**To do**
Everything in the records below is to be reproduced exactly, apart from the images.

**Provided entries**

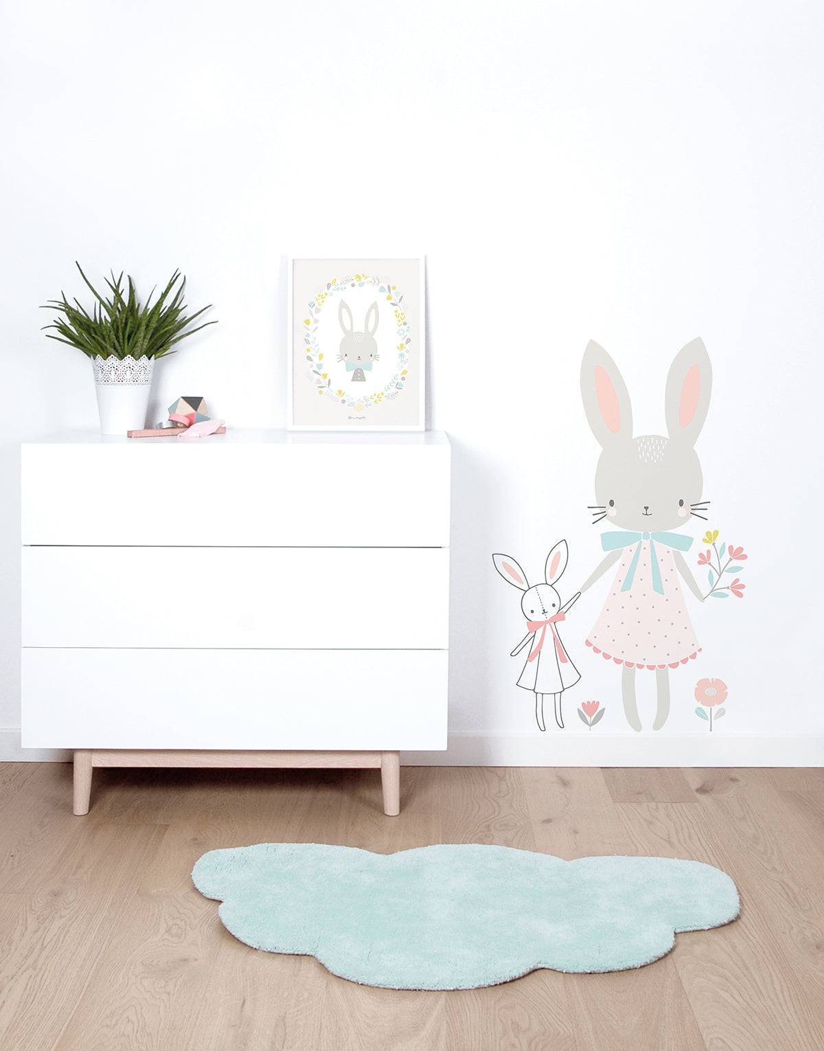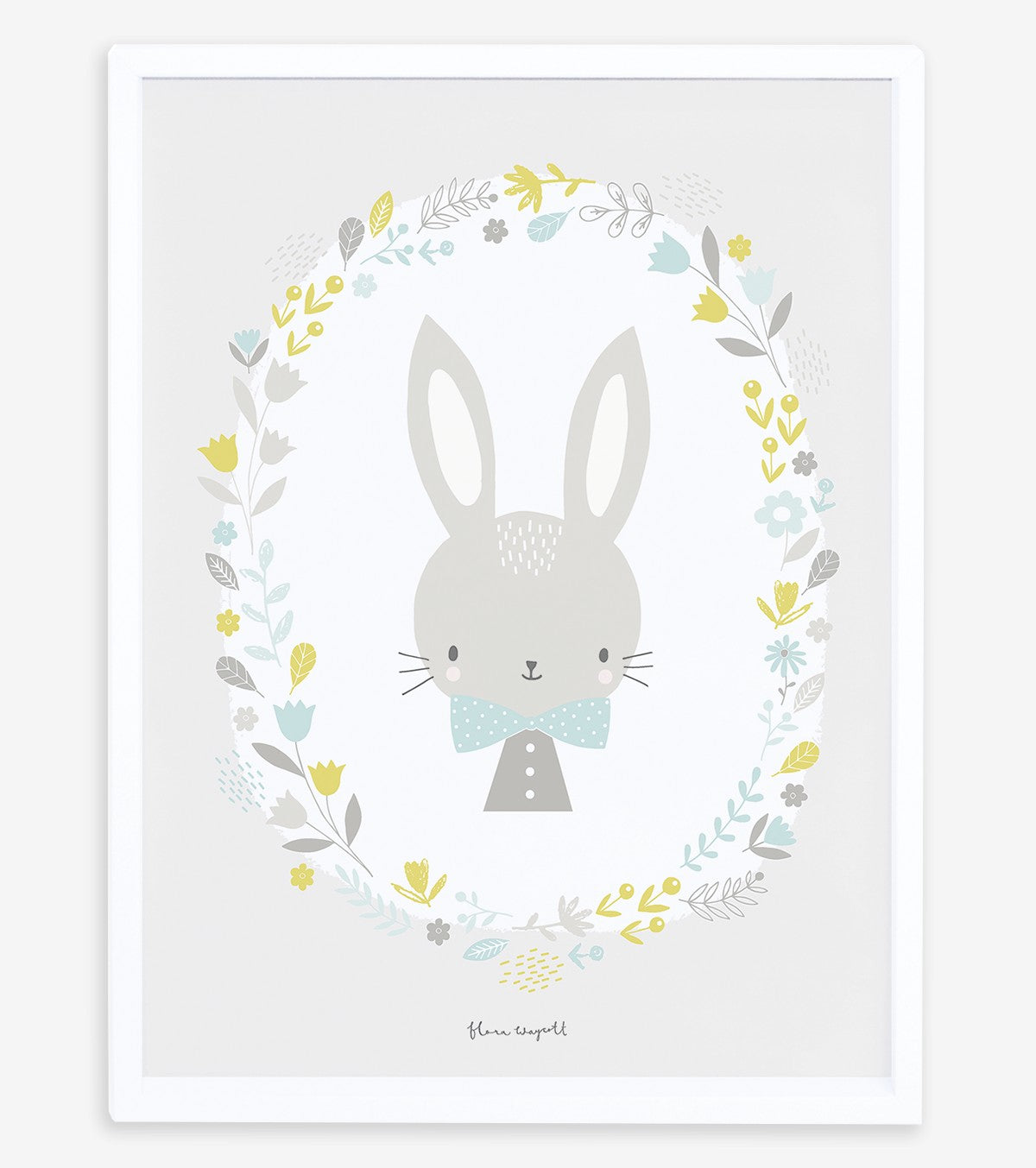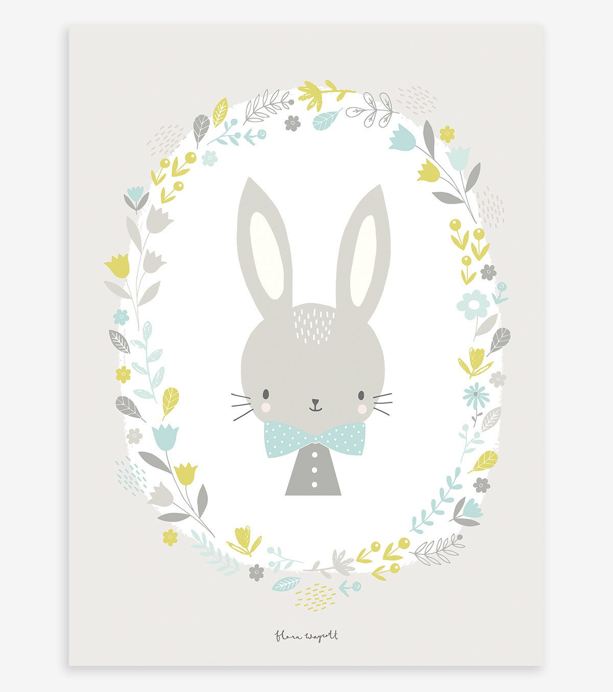 SWEET BUNNIES - Affiche enfant - Bébé lapin et fleurs
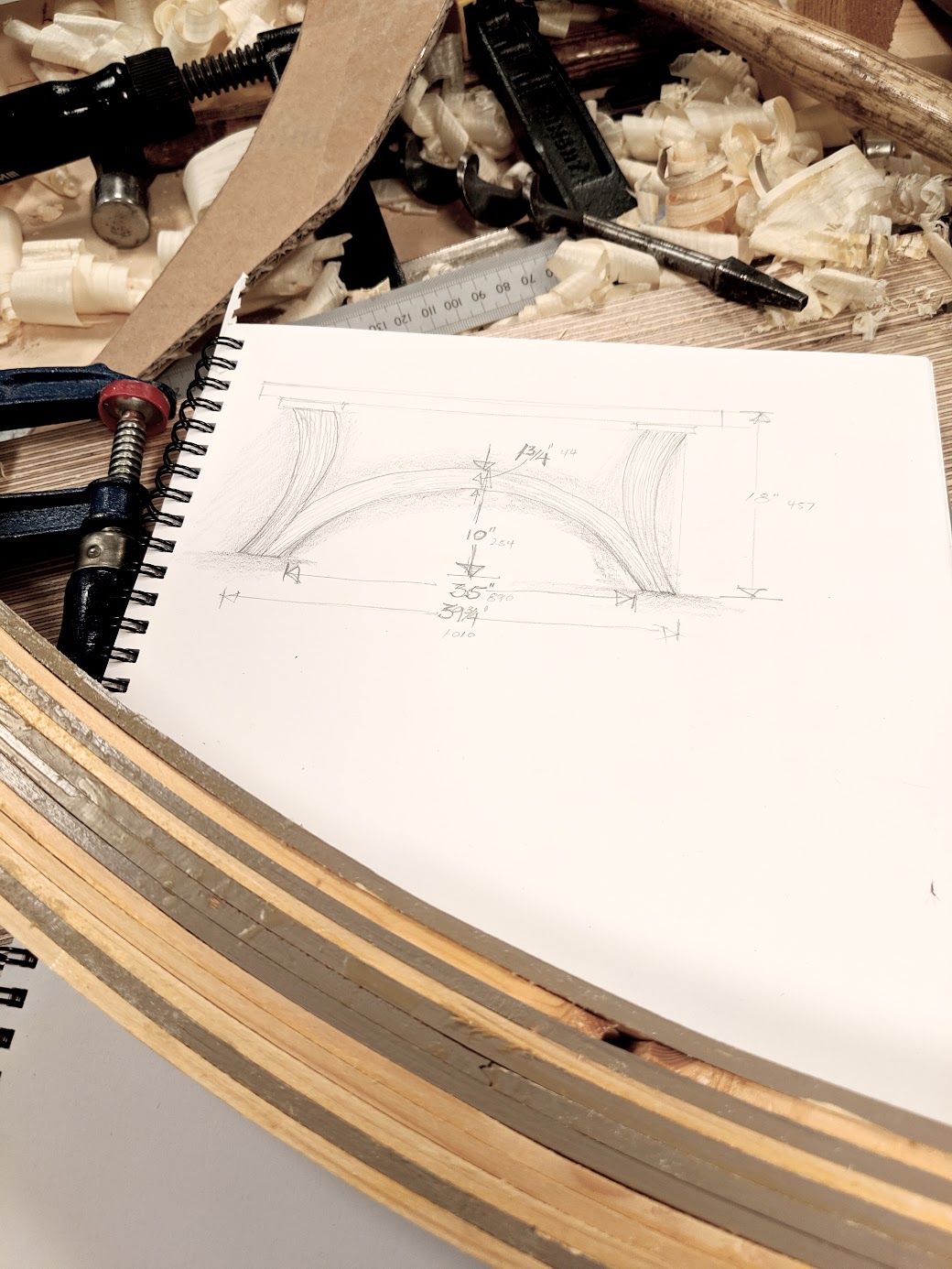 In the garage, my very personal creative workspace, I have a series of steps that I have taken to ramp up things for considering the first piece. I find myself not so much lacking confidence about how I build the first piece but more how. having all of you on this journey with me really helps. I know that perhaps the majority of you will not have nor could ever have a shop full of machines and so I am keeping my focus on my ever-important quest to work mainly with hand tools. The bandsaw has really helped me because sometimes I have to make even three of the same piece to iron out the bumps. Yes, I know, you like seeing me make mistakes, but I am not really talking about mistakes. We actually do leave most of them in. I really don't make too many. Joseph has always been a behind the scenes support, mostly because he never really saw himself as camera material and he has given unwavering support because he believes what I do is important to me.
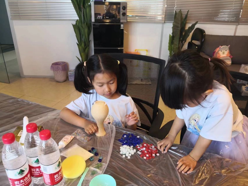 在儿童节来临之际,激发“程二代”的创新精神和实践精神,365英国上市集团于5月28日上午开展了“科技创新向未来”——亲子马赛克手工艺术花瓶DIY活动。
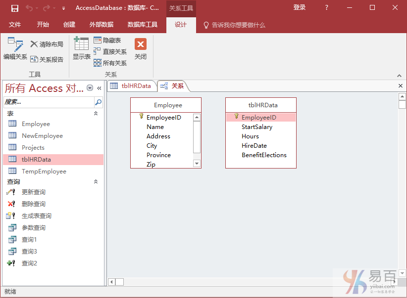 以上窗口將Employees的EmployeeID字段與tblHRData的EmployeeID關(guān)聯(lián)起來(lái)。 現(xiàn)在點(diǎn)擊 創(chuàng)建 按鈕,現(xiàn)在這兩個(gè)表就創(chuàng)建了相關(guān)聯(lián)關(guān)系了。如下圖所示 -
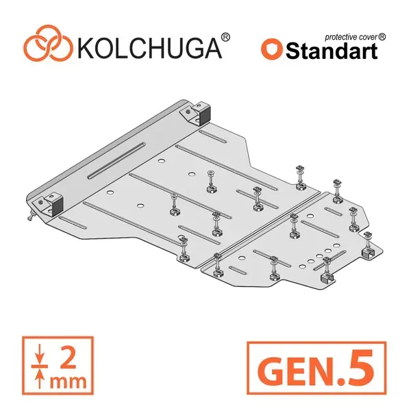 Kolchuga patrí medzi najspoľahlivejšie oceľové kryty podvozku na trhu. Vyrábané z vysokopevnostnej ocele, presne tvarované pre každý model auta a navrhnuté tak, aby chránili motor, prevodovku a ďalšie dôležité časti pri jazde v meste aj v teréne. Robustné, odolné a pripravené pre dlhé roky používania.
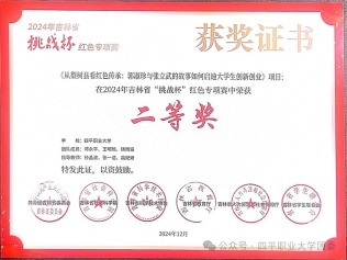 在2024年吉林省“挑戰杯”紅色專項賽中,我院學生鄧永平(23高速鐵路客運服務專業)、王明琦(23民航安全技術管理專業)、矯雨涵(24民航安全技術管理專業)組成的參賽團隊,憑借著出色的團隊協作能力,以及對紅色文化的深刻理解,取得了優異成績,其參賽項目《從梨樹縣看紅色傳承:郭淑珍與張立武的故事如何啟迪大學生創新創業》榮獲二等獎。
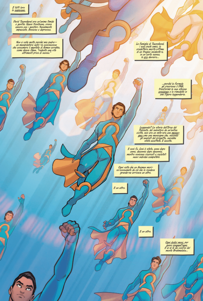 Ma dietro la sua figura si nasconde qualcosa di più oscuro e inatteso. Pagina dopo pagina, la trama si fa più limpida e quella che sembrava una convenzionale storia supereroistica si trasforma in un racconto drammatico e stratificato, rivelando il segreto e i personaggi chiave dietro il più grande eroe del pianeta: Anyman è frutto di un esperimento e dopo un anno l’ospite che veste i panni dell’eroe muore, per lasciare spazio al suo successore.

**Solution to the problem**
 SWEET BUNNIES - Affiche enfant - Bébé lapin et fleurs
 In the garage, my very personal creative workspace, I have a series of steps that I have taken to ramp up things for considering the first piece. I find myself not so much lacking confidence about how I build the first piece but more how. having all of you on this journey with me really helps. I know that perhaps the majority of you will not have nor could ever have a shop full of machines and so I am keeping my focus on my ever-important quest to work mainly with hand tools. The bandsaw has really helped me because sometimes I have to make even three of the same piece to iron out the bumps. Yes, I know, you like seeing me make mistakes, but I am not really talking about mistakes. We actually do leave most of them in. I really don't make too many. Joseph has always been a behind the scenes support, mostly because he never really saw himself as camera material and he has given unwavering support because he believes what I do is important to me.
 在儿童节来临之际,激发“程二代”的创新精神和实践精神,365英国上市集团于5月28日上午开展了“科技创新向未来”——亲子马赛克手工艺术花瓶DIY活动。
 以上窗口將Employees的EmployeeID字段與tblHRData的EmployeeID關(guān)聯(lián)起來(lái)。 現(xiàn)在點(diǎn)擊 創(chuàng)建 按鈕,現(xiàn)在這兩個(gè)表就創(chuàng)建了相關(guān)聯(lián)關(guān)系了。如下圖所示 -
 Kolchuga patrí medzi najspoľahlivejšie oceľové kryty podvozku na trhu. Vyrábané z vysokopevnostnej ocele, presne tvarované pre každý model auta a navrhnuté tak, aby chránili motor, prevodovku a ďalšie dôležité časti pri jazde v meste aj v teréne. Robustné, odolné a pripravené pre dlhé roky používania.
 在2024年吉林省“挑戰杯”紅色專項賽中,我院學生鄧永平(23高速鐵路客運服務專業)、王明琦(23民航安全技術管理專業)、矯雨涵(24民航安全技術管理專業)組成的參賽團隊,憑借著出色的團隊協作能力,以及對紅色文化的深刻理解,取得了優異成績,其參賽項目《從梨樹縣看紅色傳承:郭淑珍與張立武的故事如何啟迪大學生創新創業》榮獲二等獎。
 Ma dietro la sua figura si nasconde qualcosa di più oscuro e inatteso. Pagina dopo pagina, la trama si fa più limpida e quella che sembrava una convenzionale storia supereroistica si trasforma in un racconto drammatico e stratificato, rivelando il segreto e i personaggi chiave dietro il più grande eroe del pianeta: Anyman è frutto di un esperimento e dopo un anno l’ospite che veste i panni dell’eroe muore, per lasciare spazio al suo successore.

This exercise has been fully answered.